The other important element of this task, was of course spawning the notes in tandem with the music. To play MIDI files, I used the library MPTK. Unlike playing a WAV file, MIDI, and the MPTK library respectively, provides the programmer with crucial info about when each note will be played in the song and for how long. To assist in the process, MPTK includes a MidiFilePlayer which parses the file just as it normally would, but instead of immediately playing music, it instead calls a user provided callback function. The advantage here was that I was able to spawn the note at the top of the play-space at this mark, and instead wait until the note has tweened to the keyboard before playing the note. There’s a great sample project in the MPTK library which helped get me started.

Overcoming Hardware Limitations

While switching to the HoloLens provided a multitude of huge advantages over VR headsets, it also introduced a massive limitation. The HoloLens 1 has a very low FOV. The unfortunate reality, was that virtual objects are clipped out if they’re in the users peripheral.

HoloLens FOV

This meant we had to keep our entire experience to a very small space. Ideally the user would be able to see the keyboard keys, and all the falling notes. If we made the space too large, they’d have to choose between seeing upcoming notes and getting feedback for their actions, and if we made the space too small, the notes would be cramped together and it would be hard to judge timing.

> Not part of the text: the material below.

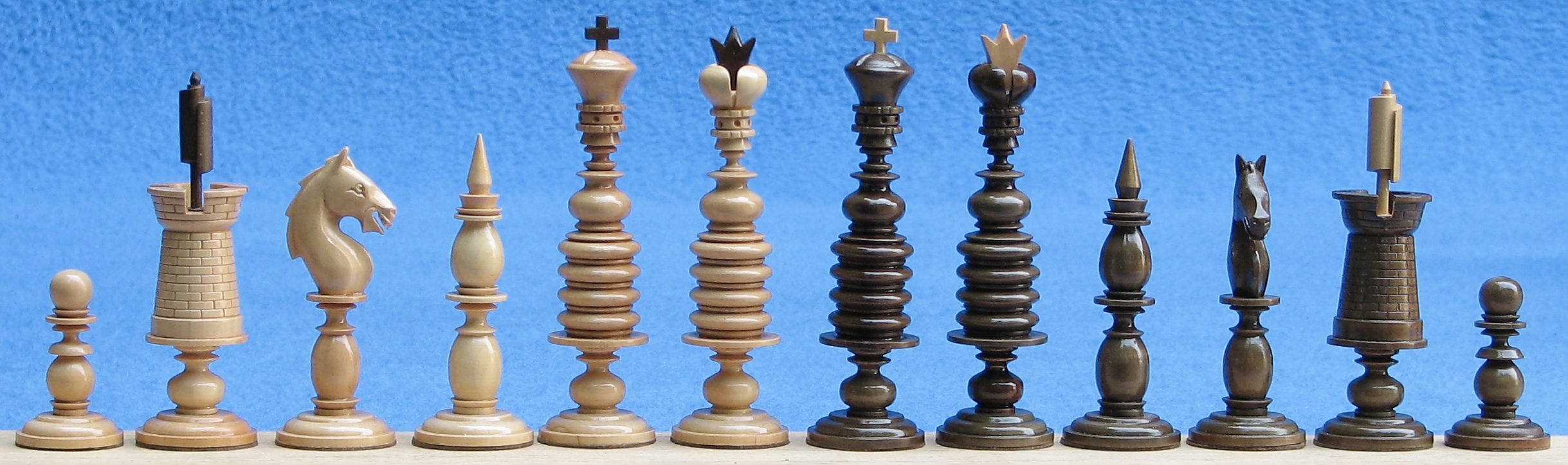 RU Russia, "Russian tournament" 1940ies-1950iesHippopotamus ivory K 8.3; p 4.5The set was sold to me as Russian, ca. 1920, sperm whale « ‹ of 4 › » Russia, "Russian tournament"ca. 1945Wood K 10.0; p 5.1 « ‹ of 3 › » Russia, by Carbolite company1940-1950Carbolite (russian bakelite) K 6.8; p 4.0 « ‹ of 6 › » Russia, Leningradca. 1955Plastic K 1.4; p 1.1Box 12.5×10.1×2.9Board 8.7×8.9 « ‹ of 4 › » Russia, "Russian tournament"Mid to late 20th centuryWood K 6.6; p 3.6Box/Board 34.0×17.2×4.9 « ‹ of 7 › » Russia, Moscow, Plastic-Products Industrial AssociationPresentation chess set in "Russian tournament" style1980Plastic K 10.0; p 5.1Cassette 35.4×35.9×3.7 « ‹ of 6 › » Russia, Divnogorsk in Siberiaca. 1980Carbolite+brass K 11.0; p 6.7Box/board 47.0×23.5×6.2 « ‹ of 2 › » Russia, "Chess souvenir"1980-1990Wood K 9.1; p 5.0Box/board 45.0×23.0×5.9Original cover « ‹ of 11 › » Russia, Gzhel, "Souvenir"1986Porcelain K 7.2; p 4.3Board 31.8×31.3×4.1 « ‹ of 5 › » Russia, Moskou - Gardner Verbilky1986Porcelain K 8.9; p 7.6Board 43.6×38.0 « ‹ of 5 › » Russia, "Russian tournament", politic faces1987Wood K 7.4; p 4.4 « ‹ of 4 › » Russia, "Matrioska"1997Birch K 10.8; p 5.8 « ‹ of 3 › » Russia, Moscow, by Chess Sets Gallery, "Barleycorn"2005Pear K 13.0; p 5.2Cassette/board 45.5×45.5×7.3Design by Oleg Raikis, inspired by the Barleycorn type « ‹ of 3 › »

To work with this limitation, we decided to shear the note track so that we could make it shorter without it compromising the length of the track. Unity however doesn’t support shearing as apart of it’s transform operations, so I wrote a vertex shader that injects the shear transformation in. As you can see below, with the shear, the track takes up a much smaller vertical space even though the notes are traveling a similar distance. (It also looks better in my opinion).

Vertical Sheared
vertical sheared

[Objective 3] Putting it all together

After we had a working prototype, we needed to create a playable experience that a new player could sit down and try out with no instruction. This meant teaching the user how to use the hardware, and giving them feedback during the game. Firstly, we wanted the process between putting on the headset, and playing the game to be as painless and as enjoyable as possible. To achieve this, we committed to a specific keyboard, and used arUco marker tracking to locate the playspace quickly. Unfortunately, this trades versatility for reliability, but given the time constraint we were under, I think it was the right call. Basically, instead of making a ‘meh’ experience for any piano ever, we made a great experience for very specific hardware.

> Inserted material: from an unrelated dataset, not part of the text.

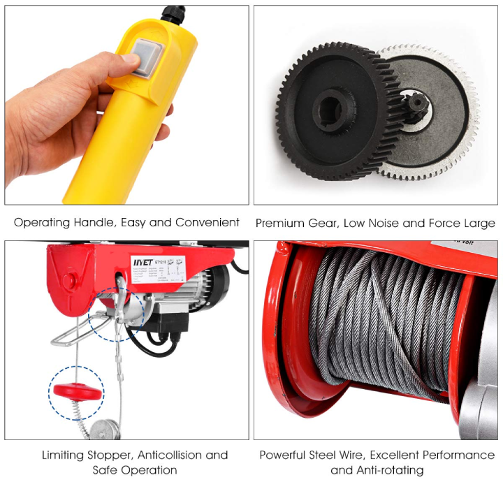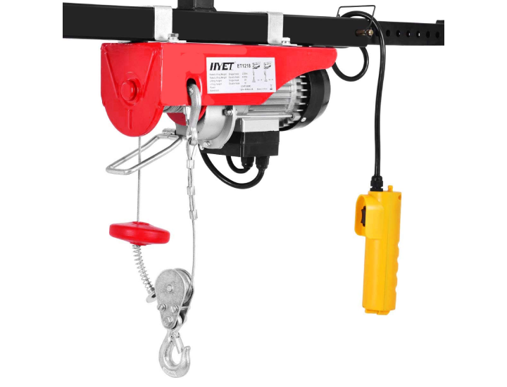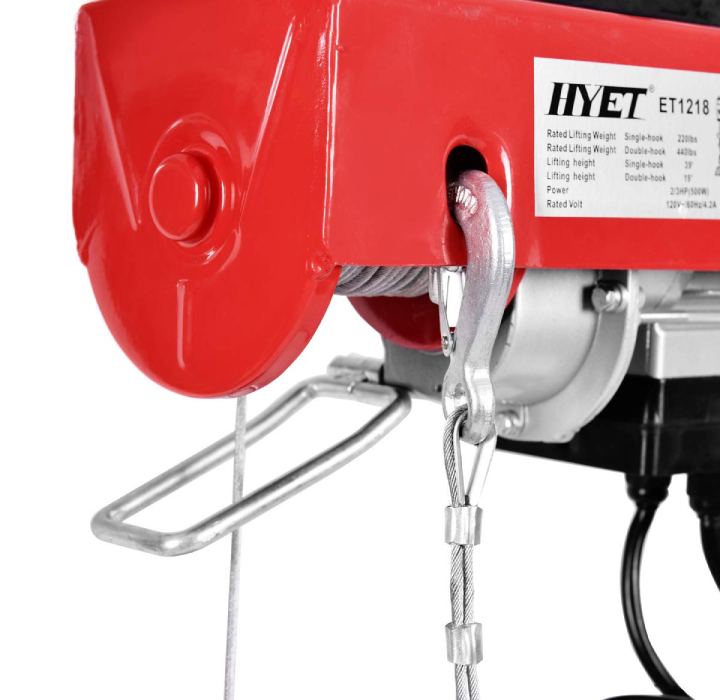 This is our 440-pound Mini Electric Wire Hoist which is perfect for general maintenance lifting and engine repair. Featuring a durable braided, anti-twist, high carbon steel cable, this mini electric wire hoist is perfect for any shop or automotive garage and loading heavy equipment or removing small engines. Rugged steel shell and mounting hanging clamp brackets, with reliable hardware, makes our mini electric wire host strong and durable enough to withstand heavy use. ETL Approved grade, features good heat dissipation ability. It provides strong power with relative low electricity consumption.With easy operate remote control panel, fully automatic hoist, requires no hand cranking. Item features automatic brake function with build-in safety braking mechanism and thermal protection device to ensure safety.

Because we new the physical geometry of the keyboard we were using, we could model it in game. This allowed us to have very precise feedback, and even flash the keys when the user should play them. It also allowed us to create a tutorial setup sequence that’s specific to this exact hardware. We could tell the user where the power switch is on the keyboard, and we could outline the keyboard to show them how to adjust it’s positioning to match the virtual world.

Setup Sequence

note that in any videos taken on the HoloLens, the geometry is slightly off. This is just a limitation with the way HoloLens 1 records video. I can assure you, it looks much better in person.

Gameplay

gameplay

Conclusion

As it turns out, this project actually managed to exceed it’s original goals. We were going to be happy if we managed to create a simple tech demo with only one song. Instead, we supported 5 songs (and have the architecture to support any midi file), and speaking as someone who went into this project with no piano experience, it’s a very effective teaching aid! It was a resounding success all around. I wouldn’t be surprised if more instrument teaching aids like this start popping up once AR becomes more affordable.